The Federal Reserve Bank of New York (Fed) will lend up to $750 billion to a special purpose vehicle (SPV) that will purchase primary and secondary market corporate debt. The Department of the Treasury will make a $75 billion equity investment in the SPV to cover losses.
The programs are funded with money authorized by the Coronavirus Aid, Relief, and Economic Security (CARES) Act and will terminate by Sept. 30, 2020, unless extended. The Fed wants to keep the bond market functioning during the COVID-19 crisis.
An eligible issuer may use the PMCCF to refinance outstanding debt three months prior to maturity or to issue new debt. The debt must be rated at least Ba3/BB- and have a maturity of four years or less.

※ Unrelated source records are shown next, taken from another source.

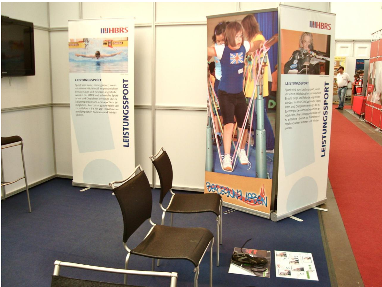
Leistungssport und Behinderung schließen sich nicht aus!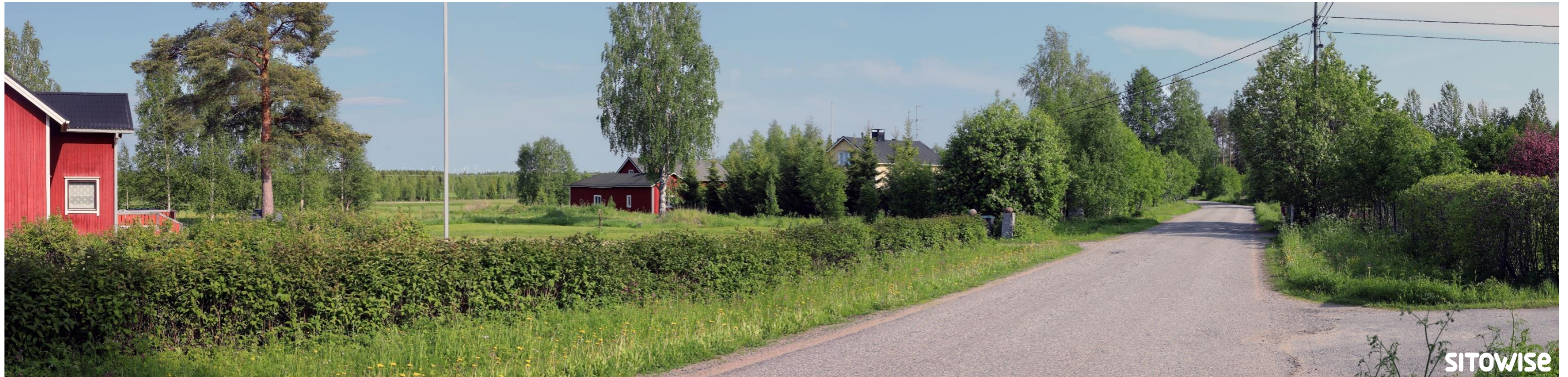
Kuva 3.3. Laajan yleisnäkymän esittävä havainnekuva yhteismallinnuksesta.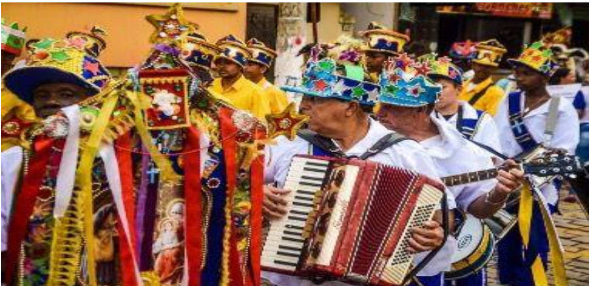
Figura 3 - Músicos populares e autodidatas - Festa de Folia de Reis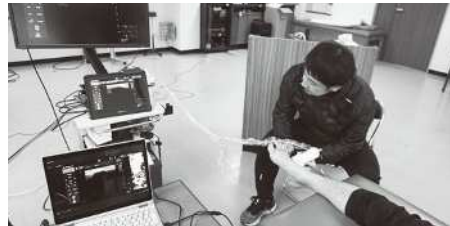
第4回講習会の様子(2月11日)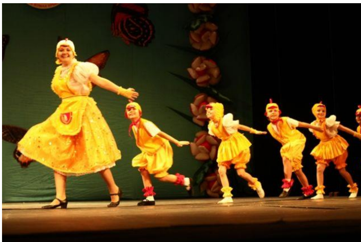
Конкурс танцев «Глухихнет» г. Волгоград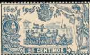
194 - 45 €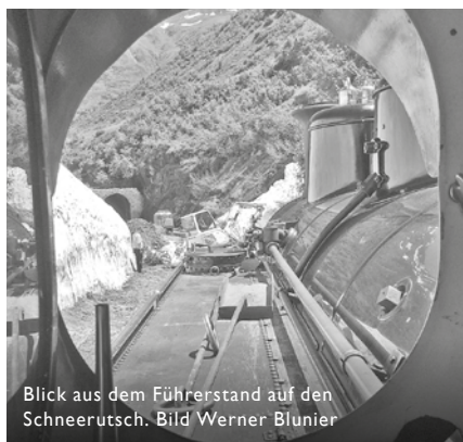
Blick aus dem Führerstand auf den Schneerutsch.

Am Sonntag 29. Juni kam der Gegenzug bei Tunnel II vor einem massiven Schneerutsch zum Stehen, ohne jede Chance den Schnee mit eigenen Mitteln beiseiteschaffen zu können. Die dahinter folgenden Züge wurden vorsichtshalber in Gletsch zurückgehalten und die Diesellok für eine allfälliges Abschleppen des gestrandeten Zuges in Bereitschaft versetzt. Dank Einsatz des zufällig am Sonntagnachmittag anwesenden Stephan Stauber konnte die Strecke mit dem Bagger geräumt und alle Züge mit unterschiedlicher Verspätung nach Realp zurückgeführt werden.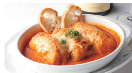
ロールキャベツ満天星風(トマトソース) 1,840円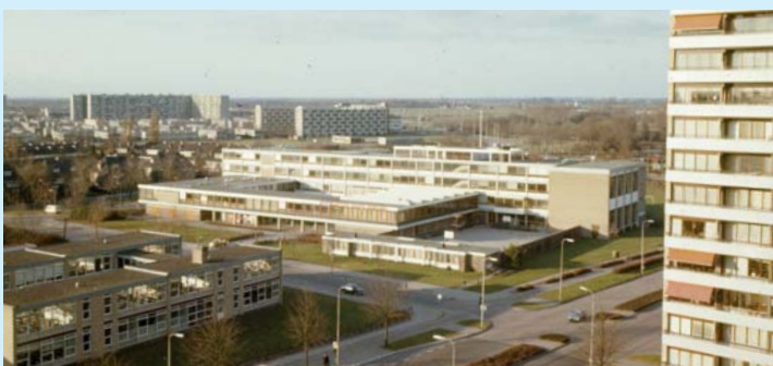
Rechts college Blaucapel, links Majella mavo - J.C. Janssen, fotograaf

Soms lijkt een school verdwenen, maar als je door fusies, naamsverandering en (ver)nieuwbouw heen kijkt, bestaat de school nog steeds. Denk maar aan college Blaucapel: dat gaat alweer enige tijd als Gerard Rietveld College door het leven. SO Fier heette vroeger Dr. de Pels School en in een deel van de gebouwen waarin Nimeto gevestigd is, was vroeger de slagersvakschool te vinden.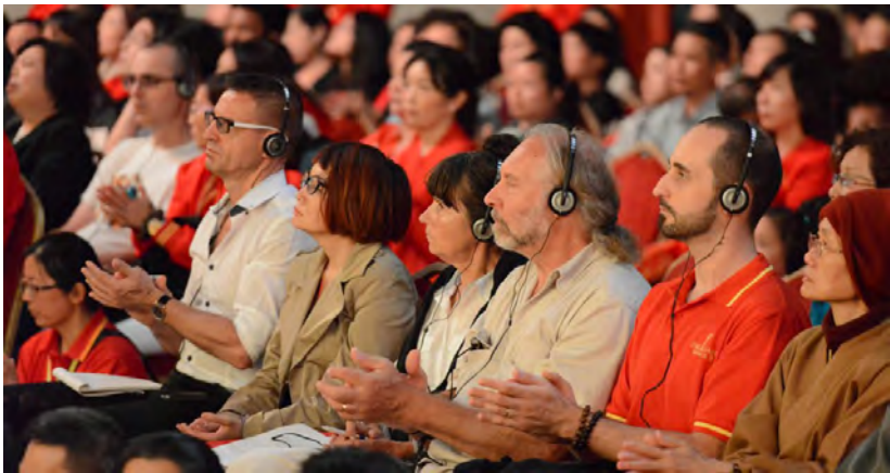
◇ 2015年9月西班牙大型弘法演讲会

真诚希望我们千万不要以一个法门的观点来攻击另一个法门的观点，这样就违背了菩萨的初衷，法门不过是方法，是途径，是随着因缘而产生的方法。八万四千法门，实际上就是菩萨给我们的八万四千条道啊，让我们能够走到彼岸，走到另外一个世界重新的生活，而不希望让我们在这条道上执着，脱不出来。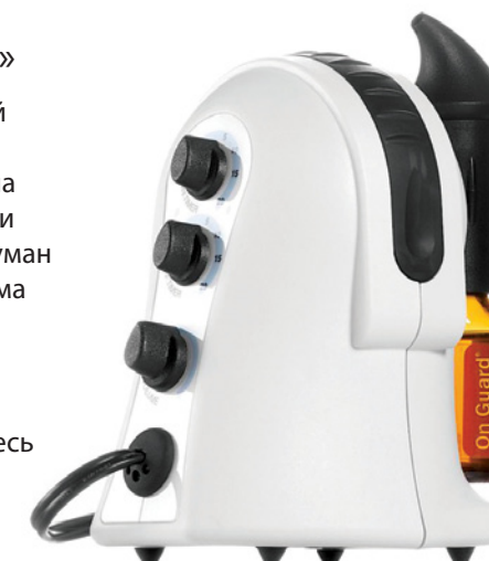
«Арома Айс» | AROMA ACE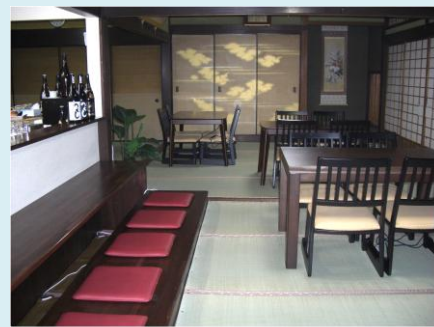
落ち着いた雰囲気の店内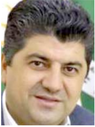
لاهور شيخ جنكي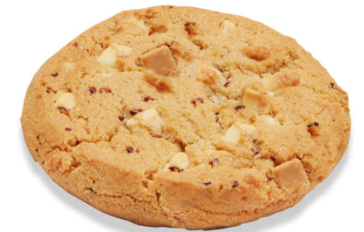
60253 Cookie Fully Baked White Chocolate Raspberry ● 34 u / 76 g / 13x13 30-35' Desc. / 10,5 cm Elaborado con Mantequilla Descongelar y listo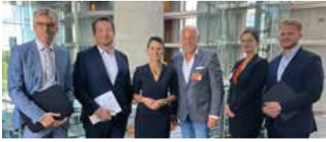
Politischer Termin im Paul-Löbe-Haus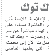
باي توك توك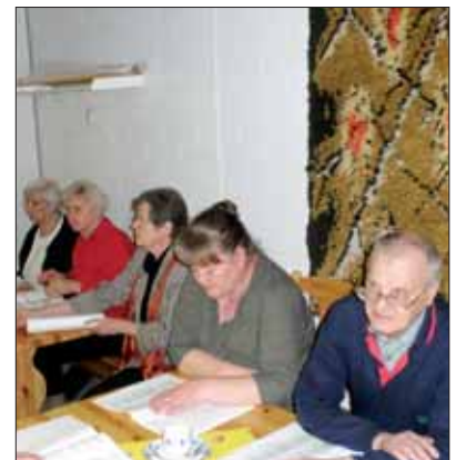
Laulukööri vierailulla Vipusenkatu 5:ssä.

– On kyllä aika tukala tilanne silloin, kun tulee oikein vaikea sävellaji eteen. Mutta aina on niistä selvitty.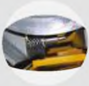
Motor Tahrirli Talaş Fırçası Motorized Swarf Brush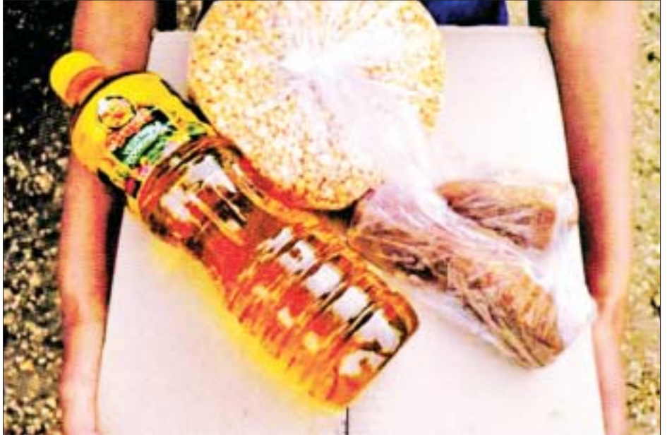
အမျိုးသားဒီမိုကရေစီအဖွဲ့ချုပ်ပါတီ(NLD)မှ မင်းကင်းမြို့ပေါ်ရှိ ရပ်ကွက်များတွင် မဲဆွယ်စည်းရုံးရေးကာလအတွင်း ဆန်၊ ဆီ၊ ပဲ ပေးဝေနေမှုမှတ်တမ်းဓာတ်ပုံများ။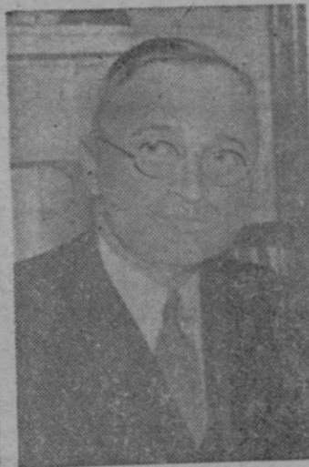
EL PRESIDENTE TRUMAN

Unidos haya sido informado por el inglés sobre esta noticia.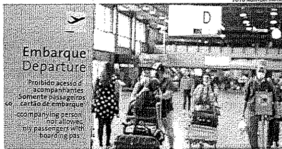
Uma série de protocolos em vigor desde o início da pandemia de covid-19 foi mantida

Em documento, a Anvisa informou que o cenário epidemiológico atual permite que algumas medidas sanitárias tomadas em 2020 sejam atualizadas, como o uso obrigatório das máscaras. "Diante do atual ce-

The SMCCF was originally created to buy “eligible individual corporate bonds” and “eligible ETFs.” The debt must also be rated Ba3/BB- and have a maturity of five years or less.
“Eligible individual corporate bonds” proved to be problematic: the Fed buys eligible corporate bonds in the open market, but issuers must certify compliance with the CARES Act. The logistics of certification were insurmountable.
On June 15, 2020, the Fed announced that they would start buying corporate bonds in the form of “eligible broad market index bonds.” This eliminated the compliance issue. The Fed will buy corporate bonds across industries. The portfolio will mimic the index, subject to ratings and maturity constraints.
Fed purchases will drive down corporate bond yields, which will lower corporate borrowing costs, which will help keep workers employed.